Does that bother anybody? Not the voters, at least so far.

If you have a job anywhere in state government, it's pretty likely you're carrying a grudge against term limits. There's a growing consensus among both legislators and executives in the 15 term-limited states that the system has weakened legislatures, draining them of experienced leadership and leaving inexperienced replacements at the mercy of lobbyists and bureaucrats with greater career stability.

A new study of the California's once-proud legislature from the state's Public Policy Institute offers some hard data to back up those opinions. The institute examined the progress of 2,000 bills introduced both before and after term limits and found that inexperienced committee chairs under the new regime are less likely to act as legislative "gatekeepers" in the traditional way. Instead, they push through more bills that lack polish and are then gutted as they make their way through the process. Term-limited legislators made half as many changes to governors' budgets than their more experienced predecessors and offered weaker executive branch oversight in general.

More fundamentally, term limits have done nothing to further their sponsors' original ideal of freeing legislatures from the grip of career politicians who raise vast sums from special interest groups. What seems to happen is that instead of becoming grizzled and entrenched in one chamber or the other, today's politicians hop between chambers and then, in many cases, to lucrative lobbying jobs. At the start of any session, most of the freshmen state senators in term-limited legislatures come from the state House. They just switch seats.

For all of these demonstrable failings, however, repealing term limits is no easy trick. They retain a residual popularity among the voters. Voters in Arkansas and Montana soundly defeated proposed extensions last November. California defeated one in 2002.

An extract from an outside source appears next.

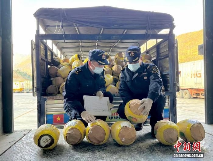 當(dāng)前正值東南亞水果上市季節(jié)。上午8點(diǎn),在天保口岸國(guó)際貨場(chǎng),中越兩國(guó)貨車在橫跨盤(pán)龍河的大橋上交錯(cuò)而過(guò)。一輛輛滿載越南新鮮荔枝、榴蓮的貨車有序駛?cè)胩毂?诎?,辦結(jié)通關(guān)手續(xù)后,這些水果將啟程運(yùn)往中國(guó)內(nèi)地。
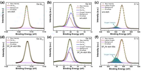 - Liang, H.; Chen, Y.; Xia, X.; Zhang, C.; Shen, R.; Liu, Y.; Luo, Y.; Du, G. A Preliminary Study of SF6 Based Inductively Coupled Plasma Etching Techniques for Beta Gallium Trioxide Thin Film. Mater. Sci. Semicond. Process. 2015, 39, 582–586. [Google Scholar] [CrossRef]

But legislators, still perceiving a problem, haven't given up. That may be why about half the states operating under term limits are considering proposals to extend the length of time legislators may serve, without lifting the limits altogether. Baxter Troutman, a Florida state representative who hopes to ease the limits for his successors, says the real argument now is about how long members need to serve before they can be effective when handed real power as leaders and committee chairs. "We've tried eight years," Troutman says, "and eight isn't enough. We need to take a hard look at 12."